NORTH SALT LAKE — Hundreds of family, friends, and law enforcement officers gathered today in North Salt Lake to honor a police officer killed in the line of duty.
Officer Charlie Skinner, 30, died Friday, Nov. 8, a few days after his squad car spun out of control during a high speed chase and crashed.
Representatives from nearly every law enforcement agency in the state, and some from other states attended today's funeral at the Bountiful Regional Center. Friends and family of Officer Skinner say that kind of support makes the service even more emotional.
"I'm feeling very emotional today because this is all beautiful for him," said Skinner's aunt, Grace Yates.
Family friend Marilyn Bilbo said, "It's overwhelming. It gives me cold chills to see support from the community as well as the officers throughout the state. It does bring tears to your eyes."
Michelle Jensen said, "It's devastating for law enforcement across the state, for every department and for everyone who serves in the law enforcement community."
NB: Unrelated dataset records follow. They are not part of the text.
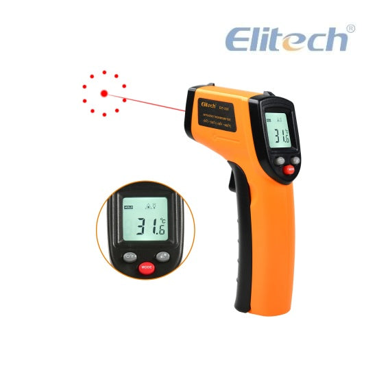 El termómetro infrarrojo Elitech DIT-220 ofrece lecturas de temperatura rápidas, precisas y sin contacto. Cuenta con láser para una precisión milimétrica, emisividad ajustable para diversas superficies y autocalibración inteligente con modos MÁX/MÍN/Ambiente. Diseñado para facilitar su uso, incluye una pantalla LCD retroiluminada, funcionamiento con un solo disparo, conmutación entre °C y °F y una batería con 12 horas de duración. Diseñado para ofrecer durabilidad y versatilidad, es perfecto para aplicaciones de climatización, automoción, industria y cocina.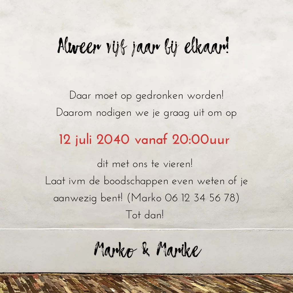 5 jaar bij elkaar en het huwelijksbootje drijft nog! Dat moet gevierd worden! Stuur al je favo mensen deze kaart om te laten weten wanneer jullie dit vieren!
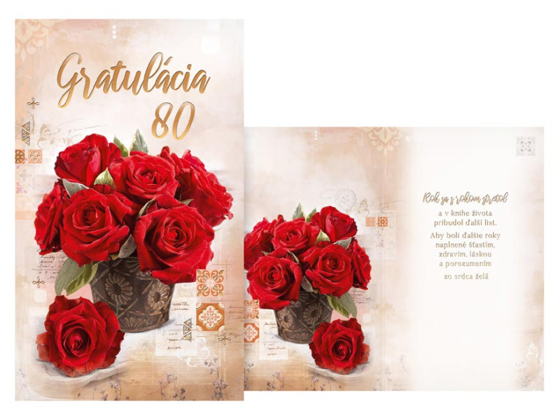 Blahoželanie k 80. narodeninám s textom. Blahoželanie je s obrázkom červených ruží. Oslavy narodenín patria k výnimočným a príjemným okamihom v živote. Potešte oslávenca a spolu s darčekom mu venujte originálne a krásne prianie, ktoré mu bude pripomínať túto radostnú udalosť. Text na prednej strane blahoželania: Gratulácia 80 Text vo vnútri blahoželania: Rok sa s rokom stretol a v knihe života pribudol ďalší list. Aby boli ďalšie roky naplnené šťastím, zdravím, láskou a porozumením zo srdca želá Papier: pohľadnicový kartón 240 g Blahoželanie je v obale, súčasťou balenia je aj listová obálka. Uvedená cena je za 1 ks.

Those who knew Officer Skinner say he was a good friend, a loving husband and a proud father. His uncle, Michael Yates, tells us that before his death, Officer Skinner described his life as perfect, and he was doing exactly what he wanted to do. He said, "He was a fun-loving, bubbly personality with a little bit of a shy streak; however, the last two years of his life, married to Katy and with his two twins, he described it as the perfect life."
Officer Skinner was new to the North Salt Lake Police Department. He had been with them for less than a year. His death is the first in the department's history. North Salt Lake officer Harold Altenes says Skinner's passing has made the members of the department draw closer. "It's been a rough week. We're deeply saddened. He fought hard," he said.
A family friend Michelle Jensen said, "It's devastating for law enforcement across the state, for every department and everyone who serves in the law enforcement community."
As Officer Skinner was carried to his final resting place at the Bountiful Cemetery, an American flag draped over his casket.
Family and friends say today's service was the sendoff he deserved. Shauna Yates said, "He loved unconditionally, and he did not say anything bad about anybody his entire life. He deserved this sendoff."
Officer Skinner was an only child. He leaves behind his wife and 4-week-old twins.